■ **Exercise directions**
Every line between the top of the data below and the line with "Scoop Ruched Neck Maxi Dress - Red", both ends included, must be retyped exactly.
Data supplied below:
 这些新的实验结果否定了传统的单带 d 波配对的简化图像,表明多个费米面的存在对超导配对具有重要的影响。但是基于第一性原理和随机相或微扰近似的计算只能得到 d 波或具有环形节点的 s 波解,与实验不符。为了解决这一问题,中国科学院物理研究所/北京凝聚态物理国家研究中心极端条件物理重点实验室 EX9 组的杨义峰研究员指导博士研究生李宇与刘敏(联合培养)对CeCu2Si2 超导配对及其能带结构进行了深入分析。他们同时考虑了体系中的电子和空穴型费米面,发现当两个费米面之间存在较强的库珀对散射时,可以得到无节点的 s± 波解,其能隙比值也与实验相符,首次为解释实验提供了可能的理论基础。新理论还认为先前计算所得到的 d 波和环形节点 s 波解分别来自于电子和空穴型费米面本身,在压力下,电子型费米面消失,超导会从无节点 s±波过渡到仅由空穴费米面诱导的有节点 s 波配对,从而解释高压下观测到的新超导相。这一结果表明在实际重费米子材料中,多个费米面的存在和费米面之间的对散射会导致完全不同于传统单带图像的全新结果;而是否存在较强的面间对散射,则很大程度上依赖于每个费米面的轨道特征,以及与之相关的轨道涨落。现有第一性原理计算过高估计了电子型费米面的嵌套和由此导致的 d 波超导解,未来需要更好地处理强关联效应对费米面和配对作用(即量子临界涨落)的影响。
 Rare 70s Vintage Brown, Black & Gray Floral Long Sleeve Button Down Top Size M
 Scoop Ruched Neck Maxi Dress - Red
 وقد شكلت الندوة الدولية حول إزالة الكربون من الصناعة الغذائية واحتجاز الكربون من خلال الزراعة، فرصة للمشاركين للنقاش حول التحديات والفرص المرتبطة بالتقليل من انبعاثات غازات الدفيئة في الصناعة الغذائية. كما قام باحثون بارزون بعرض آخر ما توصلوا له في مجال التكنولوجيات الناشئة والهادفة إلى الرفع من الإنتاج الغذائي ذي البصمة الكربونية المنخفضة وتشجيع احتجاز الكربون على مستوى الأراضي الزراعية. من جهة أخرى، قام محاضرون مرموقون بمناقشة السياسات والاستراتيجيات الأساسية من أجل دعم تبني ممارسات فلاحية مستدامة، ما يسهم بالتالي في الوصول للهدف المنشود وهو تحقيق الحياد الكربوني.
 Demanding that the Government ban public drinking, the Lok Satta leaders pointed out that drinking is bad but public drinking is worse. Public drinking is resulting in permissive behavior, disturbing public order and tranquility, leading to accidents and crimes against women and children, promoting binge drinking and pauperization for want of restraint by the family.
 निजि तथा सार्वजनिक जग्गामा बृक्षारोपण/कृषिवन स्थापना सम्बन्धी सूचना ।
End of Data supplied.
■ **Output of the task**
 这些新的实验结果否定了传统的单带 d 波配对的简化图像,表明多个费米面的存在对超导配对具有重要的影响。但是基于第一性原理和随机相或微扰近似的计算只能得到 d 波或具有环形节点的 s 波解,与实验不符。为了解决这一问题,中国科学院物理研究所/北京凝聚态物理国家研究中心极端条件物理重点实验室 EX9 组的杨义峰研究员指导博士研究生李宇与刘敏(联合培养)对CeCu2Si2 超导配对及其能带结构进行了深入分析。他们同时考虑了体系中的电子和空穴型费米面,发现当两个费米面之间存在较强的库珀对散射时,可以得到无节点的 s± 波解,其能隙比值也与实验相符,首次为解释实验提供了可能的理论基础。新理论还认为先前计算所得到的 d 波和环形节点 s 波解分别来自于电子和空穴型费米面本身,在压力下,电子型费米面消失,超导会从无节点 s±波过渡到仅由空穴费米面诱导的有节点 s 波配对,从而解释高压下观测到的新超导相。这一结果表明在实际重费米子材料中,多个费米面的存在和费米面之间的对散射会导致完全不同于传统单带图像的全新结果;而是否存在较强的面间对散射,则很大程度上依赖于每个费米面的轨道特征,以及与之相关的轨道涨落。现有第一性原理计算过高估计了电子型费米面的嵌套和由此导致的 d 波超导解,未来需要更好地处理强关联效应对费米面和配对作用(即量子临界涨落)的影响。
 Rare 70s Vintage Brown, Black & Gray Floral Long Sleeve Button Down Top Size M
 Scoop Ruched Neck Maxi Dress - Red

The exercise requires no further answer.